I am going to quote one statement that your NWS bosses deleted from your proposed statement to issue to the public on March 23, 2000…
“Lowering of the lake level for Devils Lake, North Dakota – Due to reduced length of time that the lake is ice covered, each year – with increased late fall and winter open water evaporation.”
That is quite the bold prediction. How has the level of Devils Lake done since 2000?
(1) 1449.20 ft on 05/09/2006
(2) 1449.18 ft on 06/17/2004
(3) 1449.17 ft on 08/02/2005
(4) 1448.92 ft on 03/05/2005
(5) 1448.01 ft on 08/09/2001
(5) 1448.01 ft on 07/22/2001
(7) 1447.56 ft on 07/17/2002
(8) 1447.52 ft on 05/19/2003
(9) 1447.48 ft on 07/11/2002
(9) 1447.48 ft on 07/10/2002
It has been seven years, since you made this prediction. Granted, you may be eventually right, but the people who live near Devils Lake wouldn’t think you have any credibility given that the levels of Devils Lake have hit record or near record highs each of the last 6 years. Many NWS offices are wise in not wading in the climate change waters too deeply. The NWS wants the public to trust them, instead of enguaging in wild speculation.
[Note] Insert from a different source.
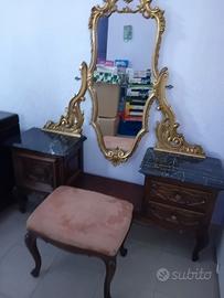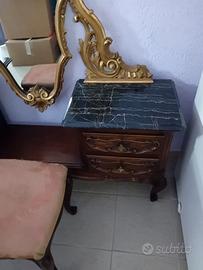 toilette stile barocco in noce nazionale con poltroncina. realizzato da artigiano torinese nel 1950. ripiani in pregiato marmo nero. mobile ben conservato. lunghezza cm 138 altezza cm 162 profondità cm 37

From experience, I know that Eastern Montana climate has its roots in the equatorial pacific. ENSO, MJOs, and so forth. Even typhons that track north by Japan into the Aleutians changes the weather patterns over Montana. The latest IPCC report admits that the models are split on the ENSO trend. If it is towards La Nina, then Montana will see more drought. If it is towards El Nino, then Montana will see more wet periods. Hell, another climate paradigm could evolove over the Pacific that changes how El Nino and La Nina affects weather patterns over the west. The NWS office in my area doesn’t want to speculate on this topic. Isn’t okay to say “I don’t know?” The NWS can and should present to the public what has happened in the past in terms of drought and floods and encourage stakeholders to prepare in advance.
I cannot comment on what definition you have of tidal or fluvial, as it is not given.
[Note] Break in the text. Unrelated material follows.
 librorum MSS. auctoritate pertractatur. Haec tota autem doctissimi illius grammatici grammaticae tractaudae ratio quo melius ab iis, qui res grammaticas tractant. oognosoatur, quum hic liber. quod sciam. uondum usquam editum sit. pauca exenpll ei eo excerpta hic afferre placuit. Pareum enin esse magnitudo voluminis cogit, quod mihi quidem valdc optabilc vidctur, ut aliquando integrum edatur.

The mention of tidal and fluvial in my text was a quote from the then Minister from the Hansard in 2004. More recently, January 2007, Ian Pearson – Minister for Climate Change and Environmental Agency – stated (Hansard http://tinyurl.com/289kav ):
“At present the Thames Barrier is closed on average three to four times a year. In extreme conditions more frequent closures have been necessary to protect London from flooding—such as during the winter of 2000-01, when the barrier was closed 24 times and January 2003, when it was closed 19 times. These unusual occurrences were generally the result of continued high freshwater flows which only required a smaller tidal surge to necessitate a closure of the barrier.”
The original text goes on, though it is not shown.